------ MATERIAL FOR THIS EXERCISE
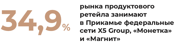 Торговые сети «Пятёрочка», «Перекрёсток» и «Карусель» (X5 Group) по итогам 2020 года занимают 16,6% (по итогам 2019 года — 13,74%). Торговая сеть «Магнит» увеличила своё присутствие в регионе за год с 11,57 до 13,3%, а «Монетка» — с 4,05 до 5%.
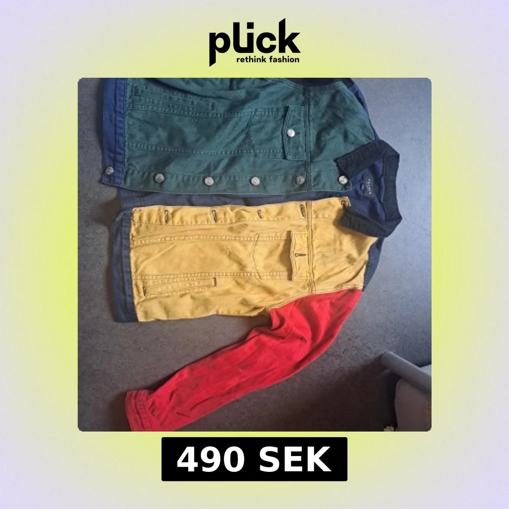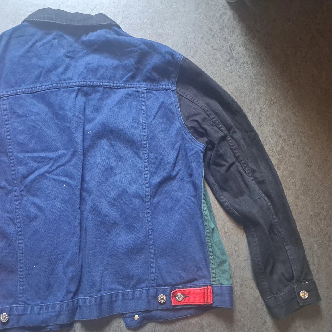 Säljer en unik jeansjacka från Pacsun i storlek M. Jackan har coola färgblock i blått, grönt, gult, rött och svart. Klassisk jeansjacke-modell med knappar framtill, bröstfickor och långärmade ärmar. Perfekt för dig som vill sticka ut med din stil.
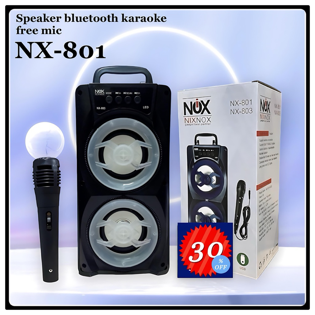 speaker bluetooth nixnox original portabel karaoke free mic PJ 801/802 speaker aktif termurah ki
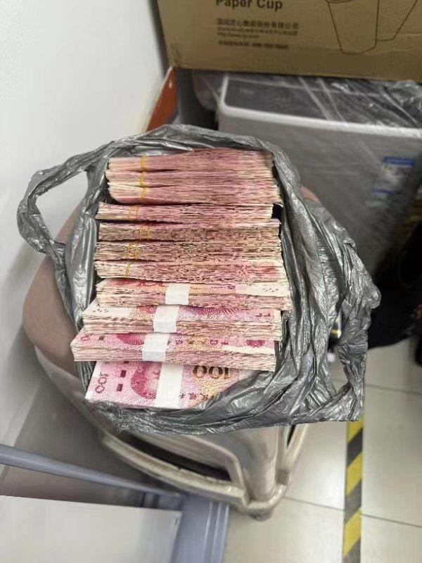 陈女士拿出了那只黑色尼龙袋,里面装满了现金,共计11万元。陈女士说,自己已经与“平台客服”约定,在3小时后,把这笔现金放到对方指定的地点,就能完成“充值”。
------------
------ MATERIAL FOR THIS EXERCISE
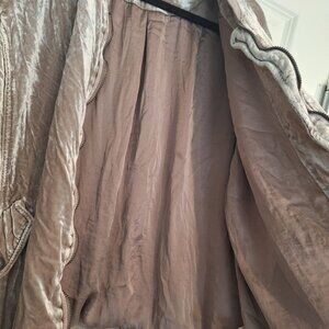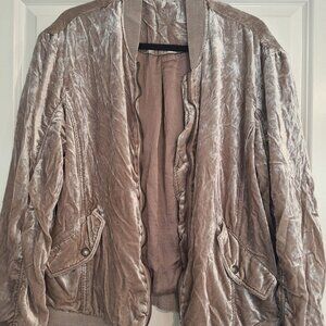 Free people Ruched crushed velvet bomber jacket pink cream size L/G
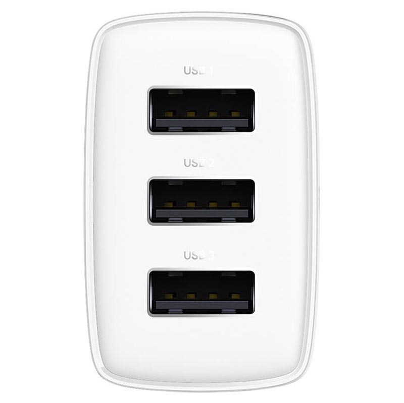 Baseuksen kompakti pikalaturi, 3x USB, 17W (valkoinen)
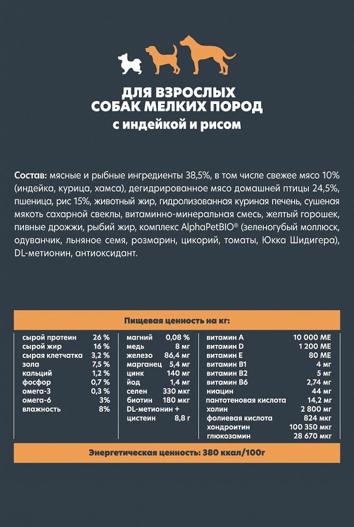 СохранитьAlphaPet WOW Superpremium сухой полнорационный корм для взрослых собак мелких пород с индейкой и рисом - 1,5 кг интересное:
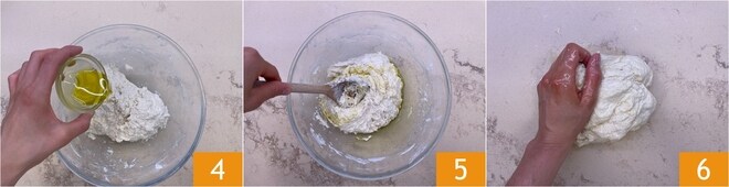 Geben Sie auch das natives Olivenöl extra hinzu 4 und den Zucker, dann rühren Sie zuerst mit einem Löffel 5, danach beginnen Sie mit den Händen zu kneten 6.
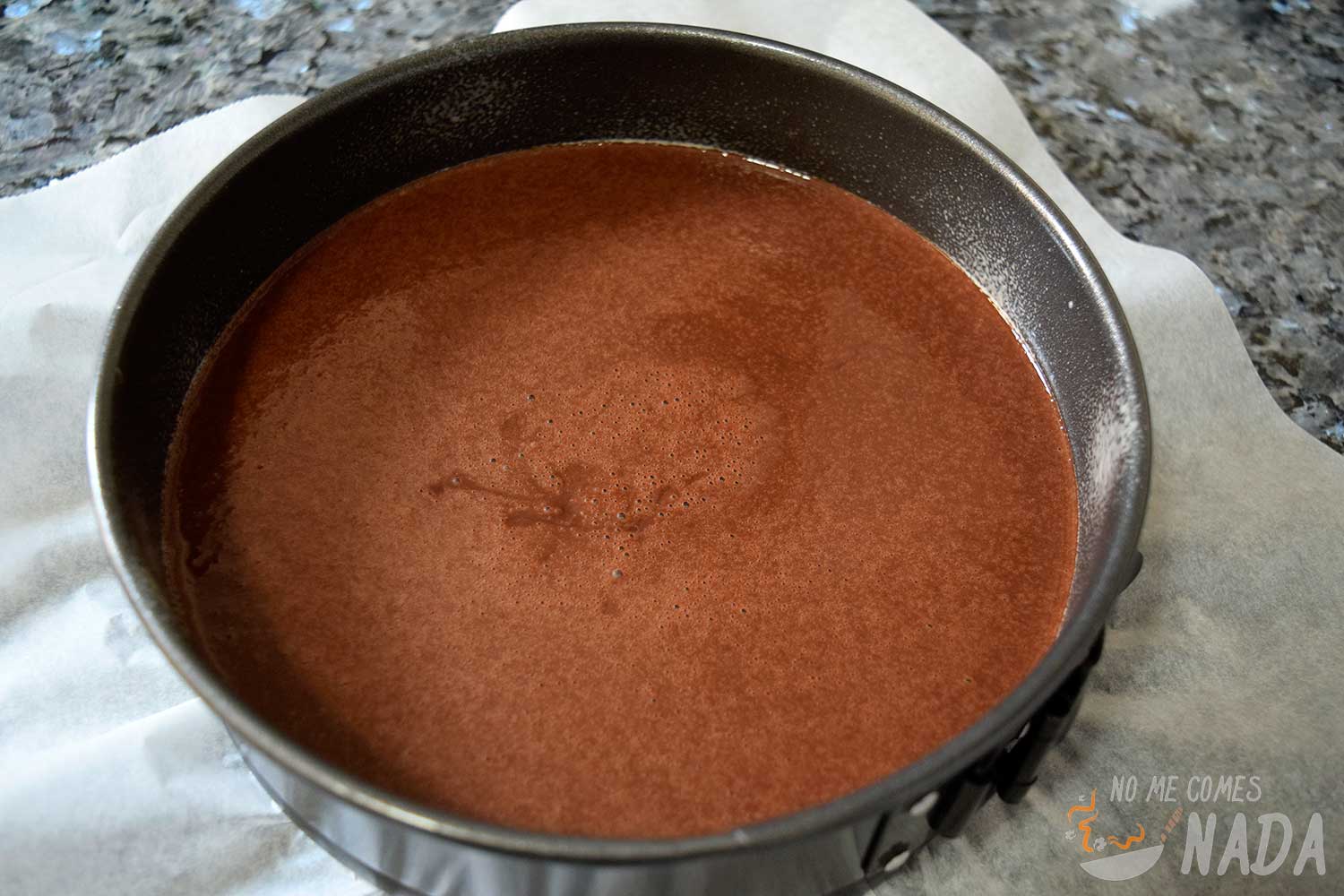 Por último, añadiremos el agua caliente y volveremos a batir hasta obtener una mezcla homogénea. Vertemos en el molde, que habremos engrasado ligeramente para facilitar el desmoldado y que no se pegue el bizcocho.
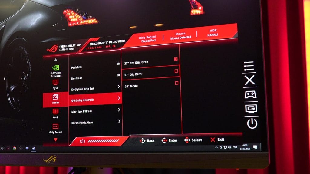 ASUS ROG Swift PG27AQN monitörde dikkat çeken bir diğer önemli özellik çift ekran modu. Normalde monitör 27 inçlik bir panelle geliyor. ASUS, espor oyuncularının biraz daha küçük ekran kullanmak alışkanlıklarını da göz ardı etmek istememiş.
------------
------ MATERIAL FOR THIS EXERCISE
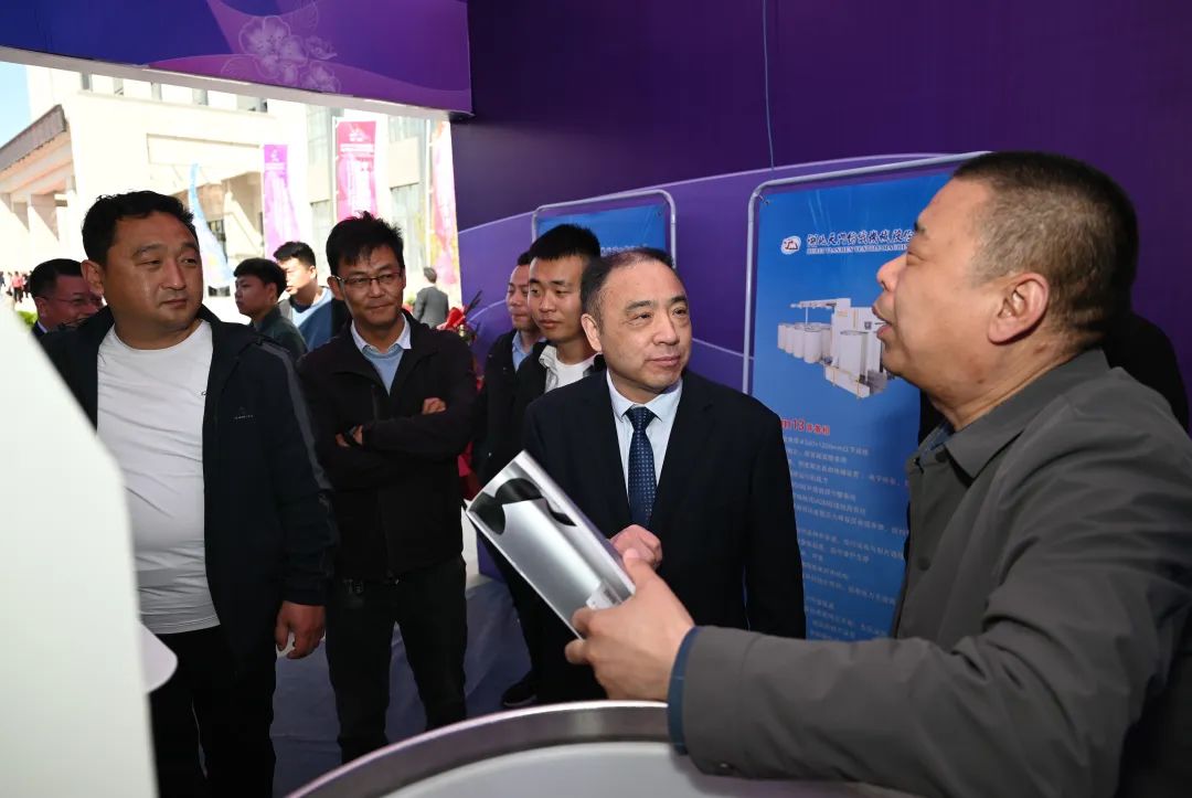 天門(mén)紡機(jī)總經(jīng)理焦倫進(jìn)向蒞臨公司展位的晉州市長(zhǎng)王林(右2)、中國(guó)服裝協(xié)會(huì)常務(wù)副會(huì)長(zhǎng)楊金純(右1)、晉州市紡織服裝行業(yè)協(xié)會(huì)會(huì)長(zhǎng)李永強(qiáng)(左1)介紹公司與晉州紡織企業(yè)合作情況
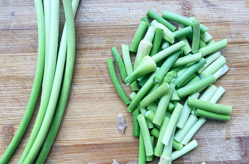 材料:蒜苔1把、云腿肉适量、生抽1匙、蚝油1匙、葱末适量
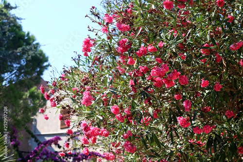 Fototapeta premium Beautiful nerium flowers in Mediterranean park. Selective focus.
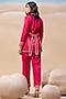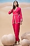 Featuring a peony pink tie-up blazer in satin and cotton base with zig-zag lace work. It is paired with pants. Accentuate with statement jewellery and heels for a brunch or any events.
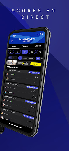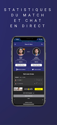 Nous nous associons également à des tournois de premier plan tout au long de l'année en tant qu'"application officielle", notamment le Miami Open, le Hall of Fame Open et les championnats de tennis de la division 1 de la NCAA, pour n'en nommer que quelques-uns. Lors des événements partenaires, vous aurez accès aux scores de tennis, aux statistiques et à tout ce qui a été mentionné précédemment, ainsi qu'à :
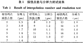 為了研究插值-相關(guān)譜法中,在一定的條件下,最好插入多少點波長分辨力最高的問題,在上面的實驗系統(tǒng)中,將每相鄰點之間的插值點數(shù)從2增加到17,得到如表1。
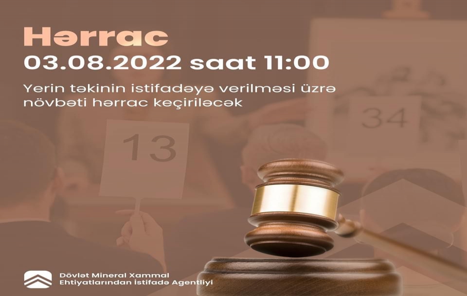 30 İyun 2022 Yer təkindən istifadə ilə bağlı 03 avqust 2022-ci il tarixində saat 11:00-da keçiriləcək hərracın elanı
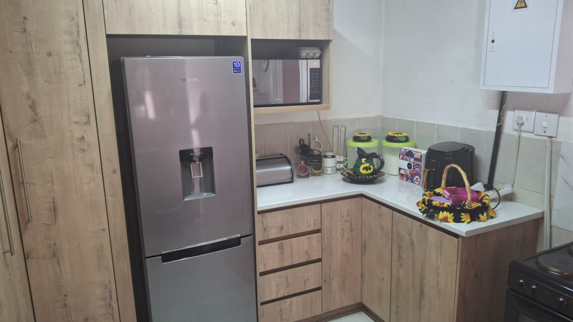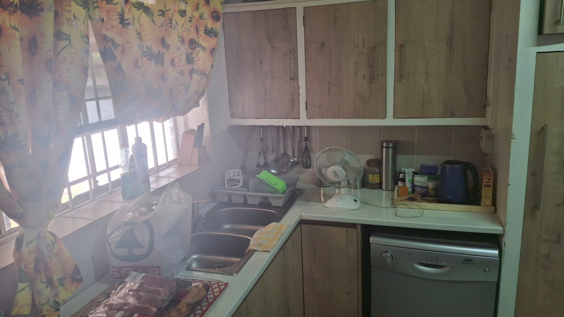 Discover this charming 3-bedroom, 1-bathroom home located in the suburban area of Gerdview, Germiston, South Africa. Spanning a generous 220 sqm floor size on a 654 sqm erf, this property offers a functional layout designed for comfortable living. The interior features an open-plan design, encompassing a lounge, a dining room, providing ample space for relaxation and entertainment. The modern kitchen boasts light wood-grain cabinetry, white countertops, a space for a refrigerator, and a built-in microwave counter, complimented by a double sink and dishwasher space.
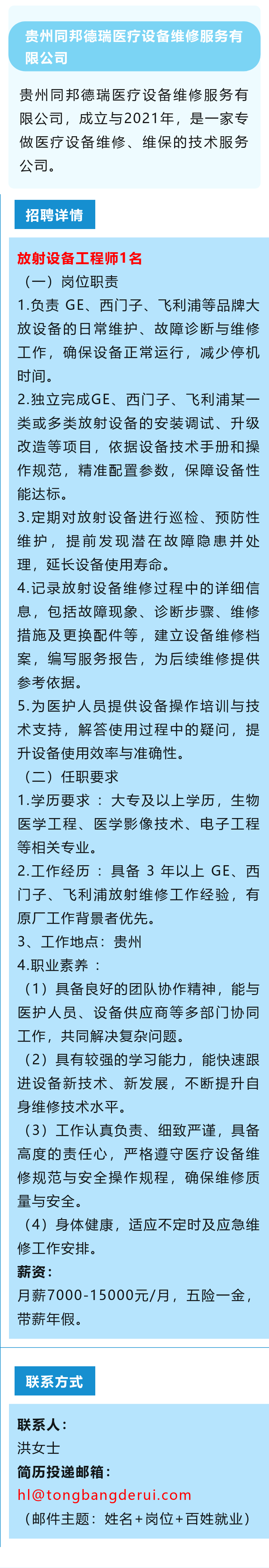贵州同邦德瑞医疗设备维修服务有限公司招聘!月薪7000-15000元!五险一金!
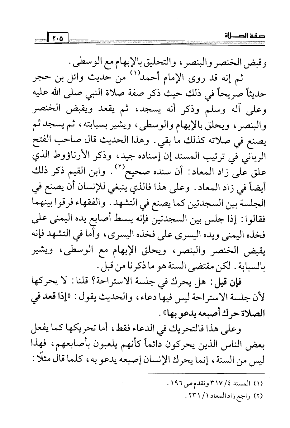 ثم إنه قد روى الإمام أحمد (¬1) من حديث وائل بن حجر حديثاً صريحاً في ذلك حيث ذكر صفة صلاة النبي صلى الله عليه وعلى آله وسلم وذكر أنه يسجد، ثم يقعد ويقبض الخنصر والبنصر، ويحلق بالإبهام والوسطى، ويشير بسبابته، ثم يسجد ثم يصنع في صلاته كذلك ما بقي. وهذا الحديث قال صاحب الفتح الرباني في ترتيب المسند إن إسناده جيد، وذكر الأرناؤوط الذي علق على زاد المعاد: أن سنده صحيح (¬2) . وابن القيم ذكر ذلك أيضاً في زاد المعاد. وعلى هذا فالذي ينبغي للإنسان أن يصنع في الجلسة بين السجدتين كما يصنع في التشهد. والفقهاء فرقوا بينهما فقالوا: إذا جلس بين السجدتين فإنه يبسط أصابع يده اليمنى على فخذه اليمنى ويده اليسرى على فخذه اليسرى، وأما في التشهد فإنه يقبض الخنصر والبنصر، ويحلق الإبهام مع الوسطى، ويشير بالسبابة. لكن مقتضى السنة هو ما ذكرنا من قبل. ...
------------
Would you give again, exactly, the lines in the data above that run from the line containing "Featuring a peony" to the line containing "30 İyun 2022"? Include both ends and no pictures.

 Featuring a peony pink tie-up blazer in satin and cotton base with zig-zag lace work. It is paired with pants. Accentuate with statement jewellery and heels for a brunch or any events.
 Nous nous associons également à des tournois de premier plan tout au long de l'année en tant qu'"application officielle", notamment le Miami Open, le Hall of Fame Open et les championnats de tennis de la division 1 de la NCAA, pour n'en nommer que quelques-uns. Lors des événements partenaires, vous aurez accès aux scores de tennis, aux statistiques et à tout ce qui a été mentionné précédemment, ainsi qu'à :
 為了研究插值-相關(guān)譜法中,在一定的條件下,最好插入多少點波長分辨力最高的問題,在上面的實驗系統(tǒng)中,將每相鄰點之間的插值點數(shù)從2增加到17,得到如表1。
 30 İyun 2022 Yer təkindən istifadə ilə bağlı 03 avqust 2022-ci il tarixində saat 11:00-da keçiriləcək hərracın elanı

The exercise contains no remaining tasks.